Eu vivi em Londres uns anos, as pessoas lêem imensos livros, até são “trash” , não estão a ler o Moby Dick, mas estão a ler livros no metro, durante aqueles percursos de hora, hora e meia, duas horas. E em França, vocês também já devem ter visto, as pessoas estão a ler livros. Ocupar a cabeça. O Borges que é um grande escritor argentino, foi bibliotecário durante anos e todos os dias tinha que tomar um comboio para ir para a biblioteca. Teve um emprego, absolutamente mal pago, de funcionário, durante anos, para lhe permitir escrever. Ele gostava de ser bibliotecário. E andar de comboio para ele, era a grande alegria. Porque toda a gente dizia: como é que ele se aguentou? Aquele emprego, numa biblioteca durante anos e ainda por cima tinha que fazer uma hora e meia de comboio todos os dias para lá e para cá, entre a sua casa e a biblioteca. Ele vivia com a mãe na altura e ele disse: “não, por amor de Deus. Era o melhor. Foi a minha educação. Porque tinha uma biblioteca que era o sítio onde ele gostava de estar e porque no comboio lia, uma hora e meia”. Sei lá se era uma hora e meia, se duas horas. Quando chegava ao fim ficava sempre triste porque tinha acabado o percurso e já tinha que fechar o livro.

E eu eduquei-me assim. E ainda hoje qualquer bocado que eu tenho, vou buscar o livro e nunca saio de casa sem trazer – e vou citar agora o José Pacheco Pereira, a frase é dele, que é: “um livro, um livro de back up, o segundo livro de back up e o terceiro livro de back up, para o caso de os outros se perderem”. E eu também tenho.

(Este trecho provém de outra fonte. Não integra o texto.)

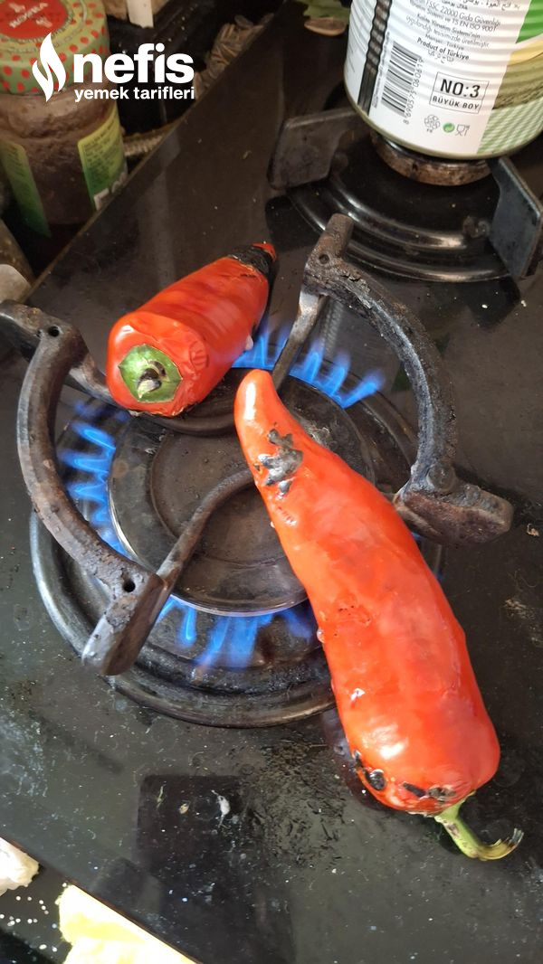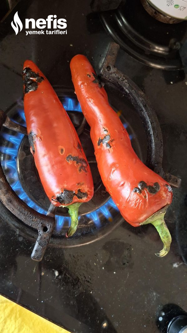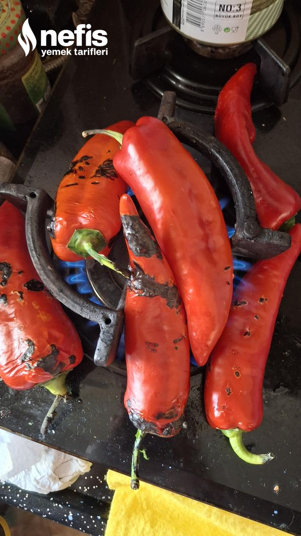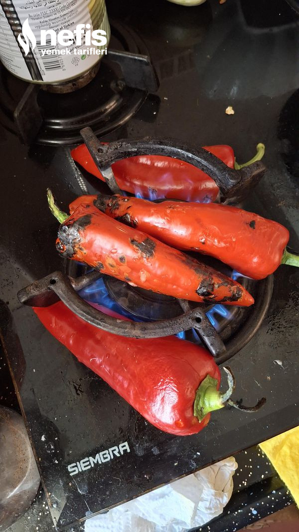 - biberleri maşa ile çevirerek her tarafını közlüyoruz. Kabukları siyahlaşıp baloncuk baloncuk olmalı. Bazen yanar üzere kokabiliyor fakat bu olağan.

Tenho um livro. Saio de casa às vezes com 3 livros que é uma coisa perfeitamente absurda. Para o caso de, durante o dia ter 10 minutos. Se vou para um consultório médico, tenho que ter dois livros. Mais um livro de back up. E portanto, este é o meu mundo. Evidentemente que os meus livros são, na sua maioria, literários. Já foram livros de estudo, às vezes, são livros de poesia, de ensaio. Já foram muito livros de filosofia, mas são livros literários. Mas ler não significa ler literatura.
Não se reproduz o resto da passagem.